问题
I am curious about what is happening in this code I wrote almost by mistake:
#include <iostream>
class Test
{
public:
Test() {
std::cout << "Default constructor";
a= 10;
}
int a;
};
int main() {
Test obj(obj);
std::cout << obj.a << std::endl;
}
It compiles in gcc without warnings of any kind (using -Wall -Werror). Executing it only prints garbage.
If I am not mistaken, this is calling the implicit copy-constructor on itself, without ever initialising. I am curious about what the copy-constructor would do in such a situation, but gdb will not stop in that line (breakpoints set to that line jump to the next one).
Everything breaks if "complex" attributes are added to the class (like a std::string), probably because of how the '=' operator is overloaded for such classes.
Is my hypothesis correct?

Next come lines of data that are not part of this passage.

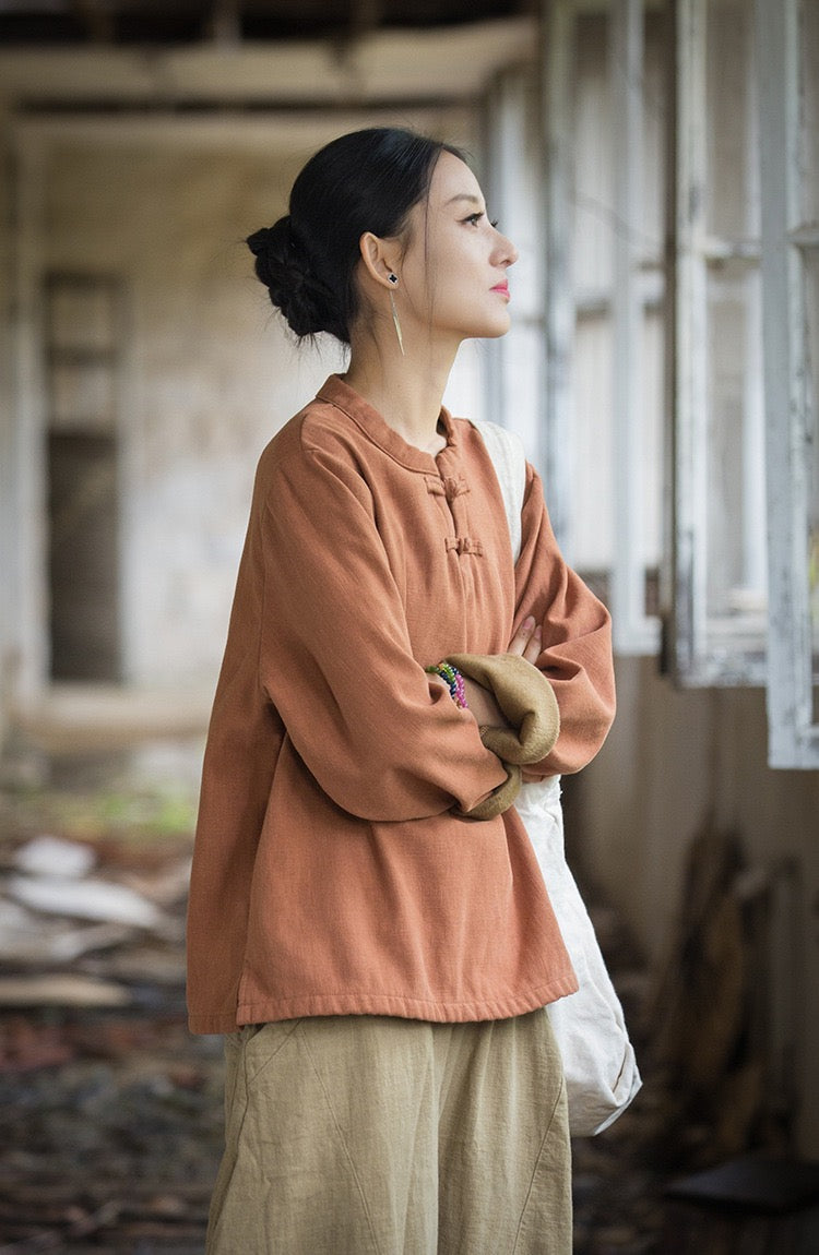 Tao One Tech™ • Red Floral Cardigan Jacket • Butterfly Wing Sleeves • 5 Buttons • Tech Pockets • Linen Cotton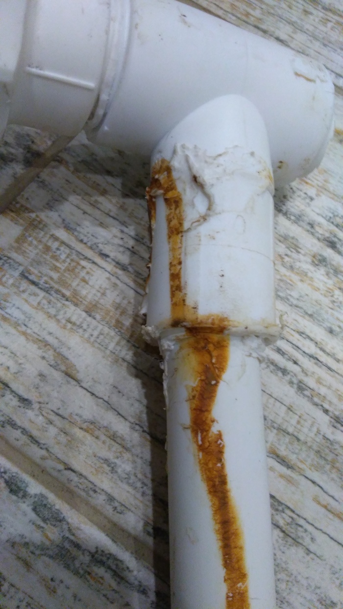 Итак, вскрыла я короб и, конечно, увидела лужу, плесень на стене, на полу, ржавчину на трубе, в общем все сопутствующие заливу прелести. Что же делать, пришлось снова пытаться дозвониться до Андрея – тишина. Отправила ему фотографии разрушений в мессенджер. Сообщение просмотрено – ответа нет. Расстроилась, плюнула на все, вызвала местных сантехников, которые за 6к (вместе с материалами) заменили мне косячный кусок трубы. Старый текущий отрезок на фото ниже.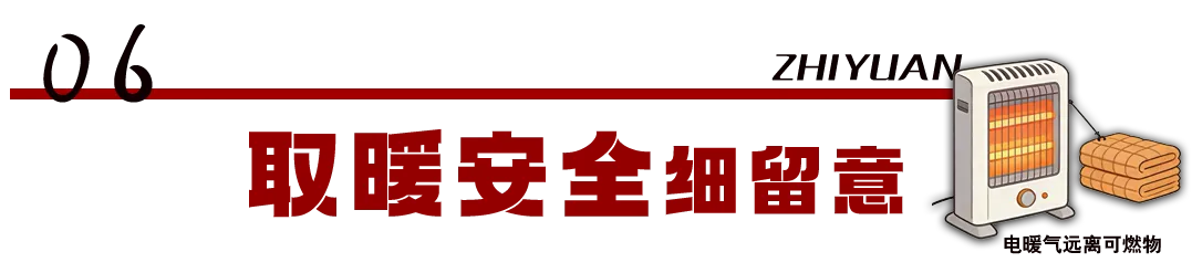1. 电暖设备远离可燃物,不覆盖烘烤衣物,出门或睡前及时断电。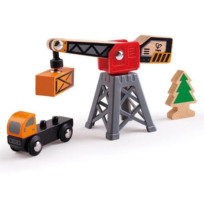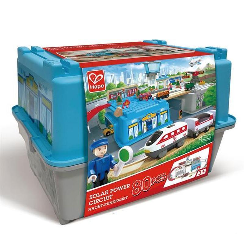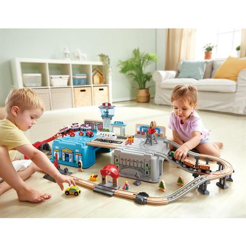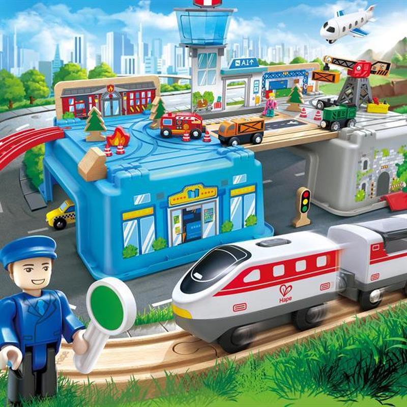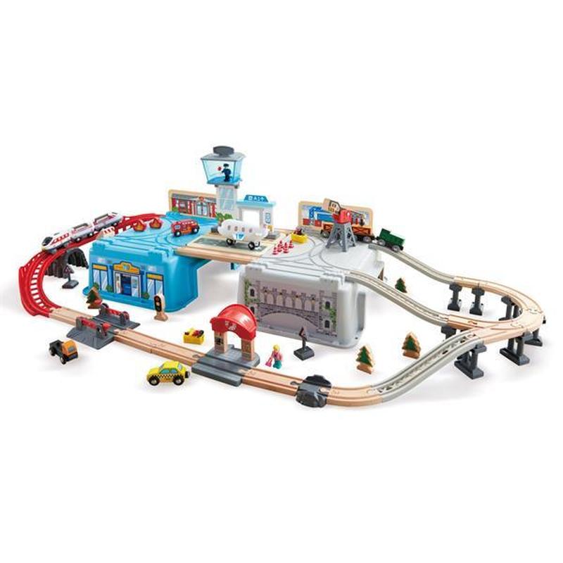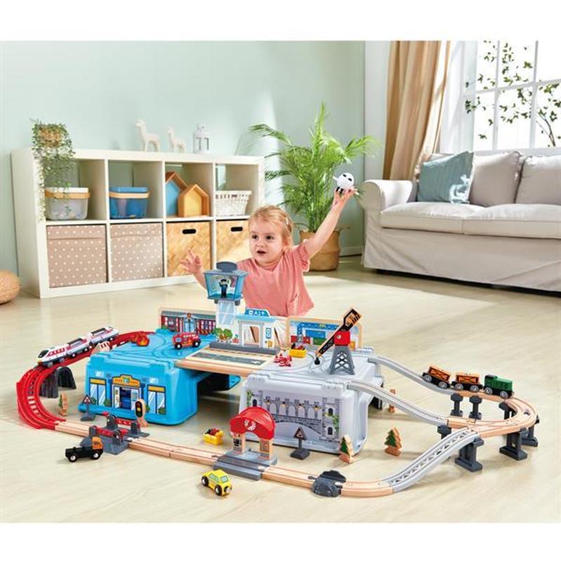 Залізниця Hape у контейнері з численними аксесуарами пропонує дітям захопливі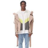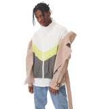 Long sleeve nylon windbreaker in white, yellow and charcoal.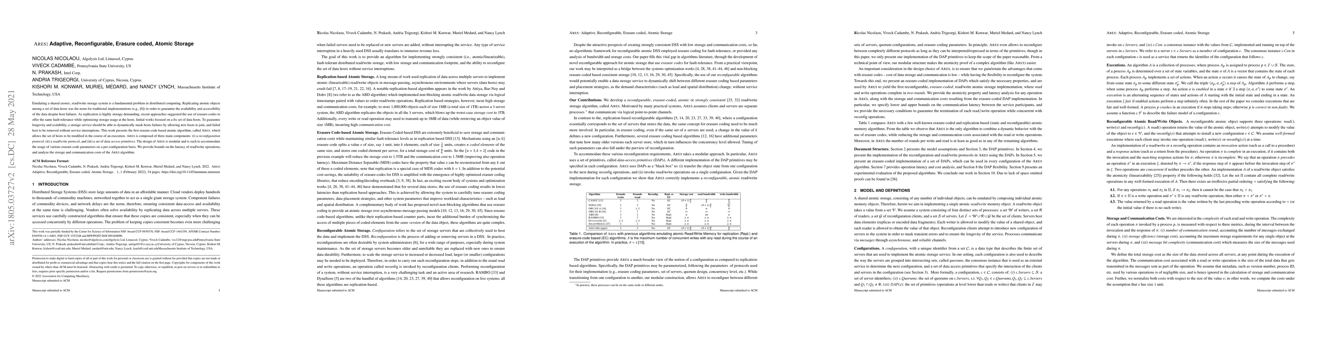Researchers introduce ARES, a framework for adaptive reconfiguration of erasure-coded atomic storage systems, reducing costs while maintaining availability and safety.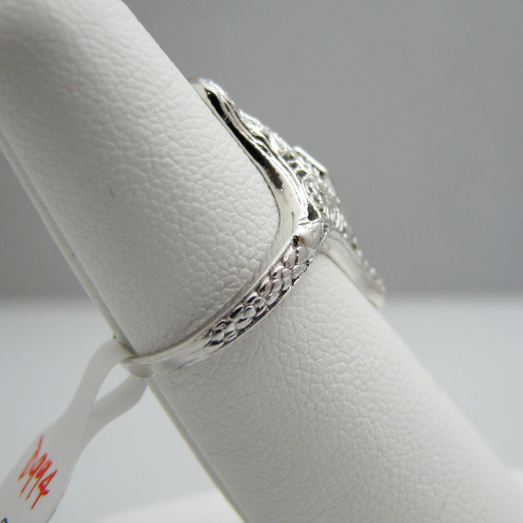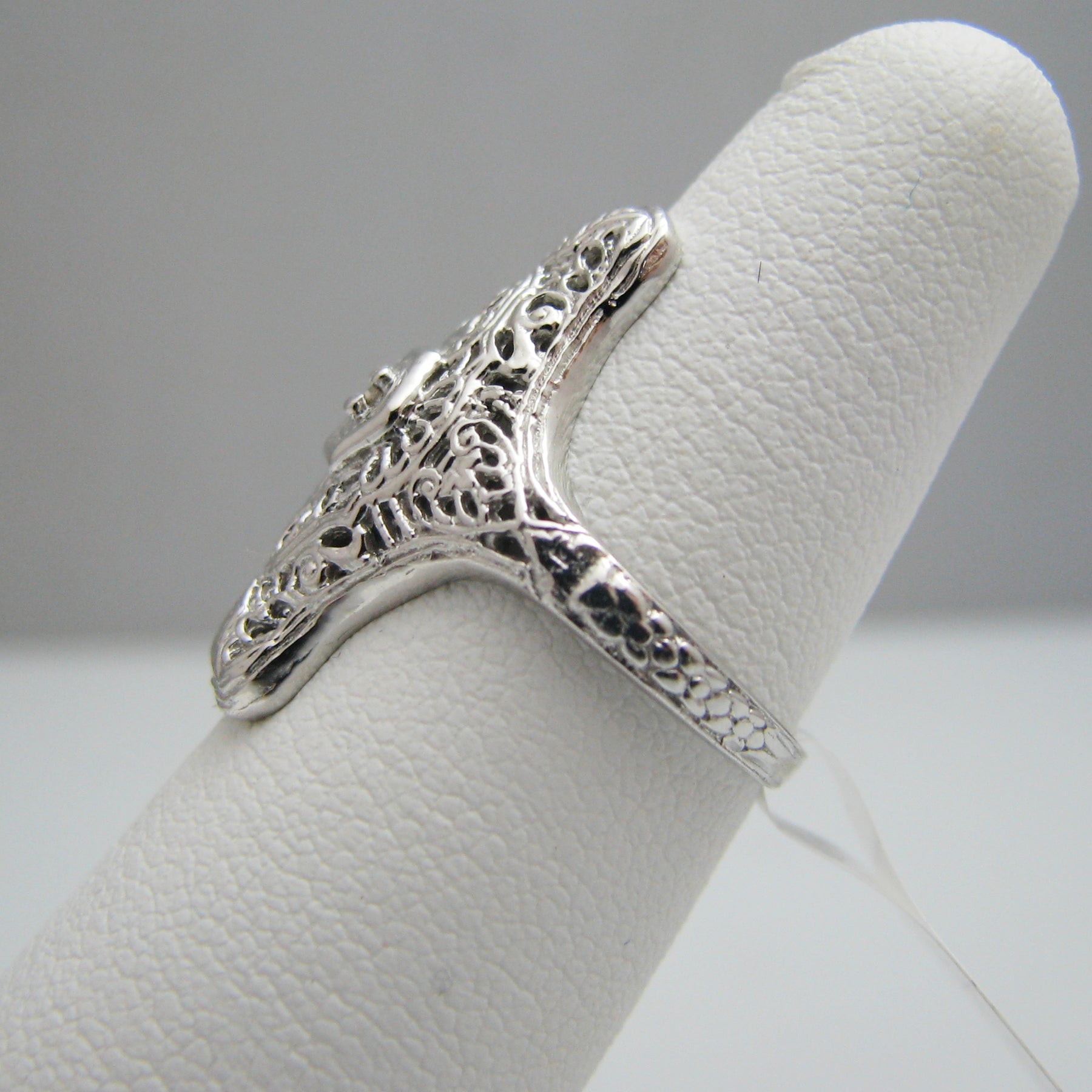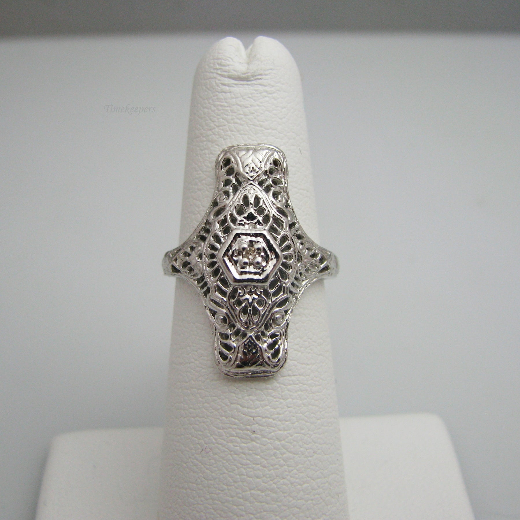 This ring contains one diamond (round cut). It is highlighted by fine filigree detailing. It is stamped.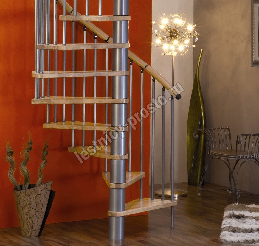 | Винтовая лестница SPIRAL DECOR d140 см, серебро, бук лакированный |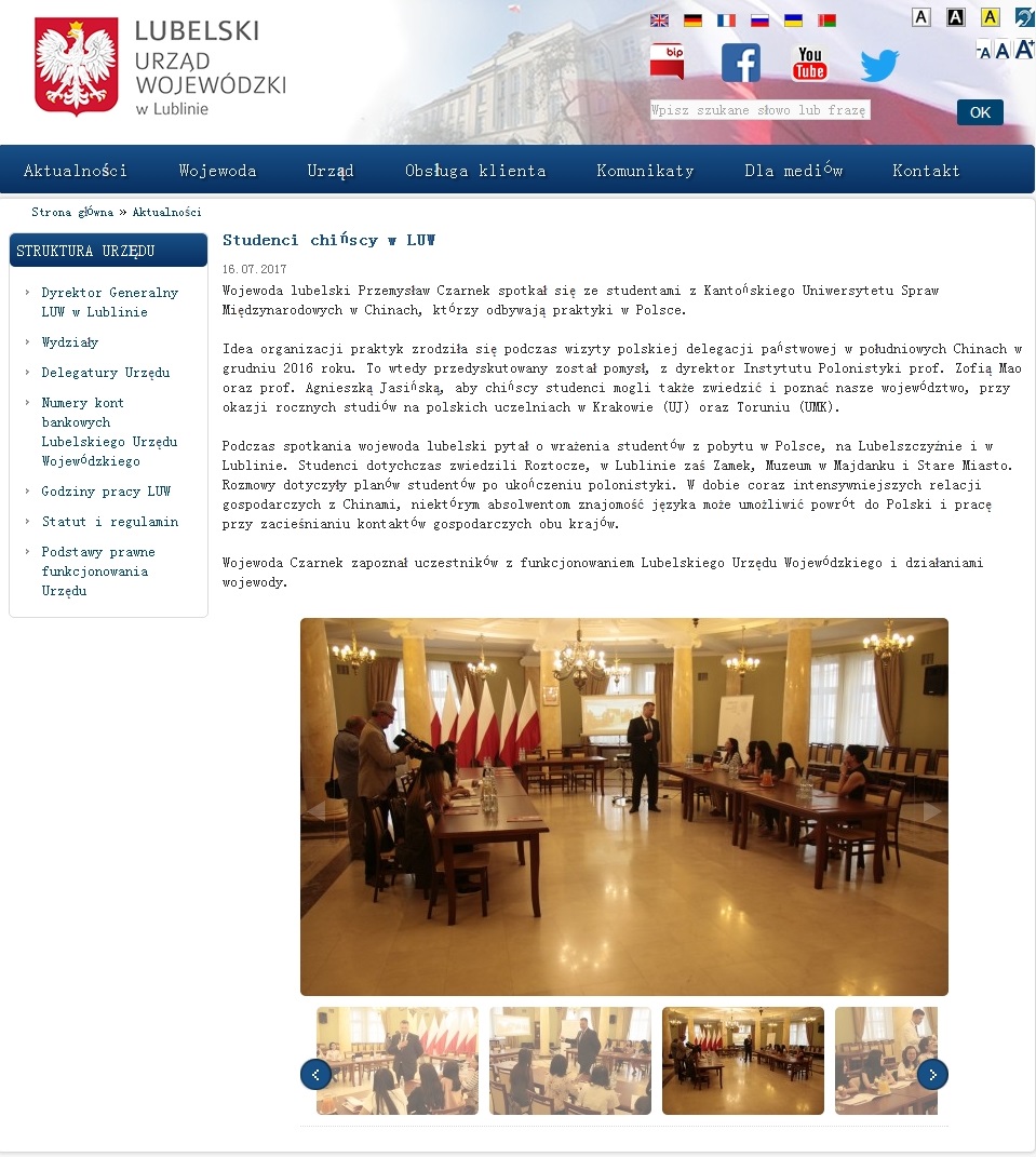 当日,卢布林省政府官网对此次见面进行了报道。报道强调了广外波兰语学子此次实习是得益于2016年12月波兰国家代表团在中国南方访问期间,与广外波兰语系系主任茅银辉教授、外教阿格涅什卡·雅辛斯卡(Agnieszka Jasińska)教授的友好交流,并指出在当前中波经济贸易往来日益密切的大背景下,广外波兰语人才对未来密切深化中波经济联系的巨大潜能。

Why doesn't gdb stop in that line? Why no warnings when calling a copy constructor with an uninitialised object?
回答1:
Since you have a member variable of type int, whose indeterminate value is copied to itself, the code is technically Undefined Behavior.
However, in practice, with current computers nothing bad will happen. But on the third hand, nothing good happens either.
Regarding warnings, that's a Quality Of Implementation issue. The C++ standard has nothing to say about that.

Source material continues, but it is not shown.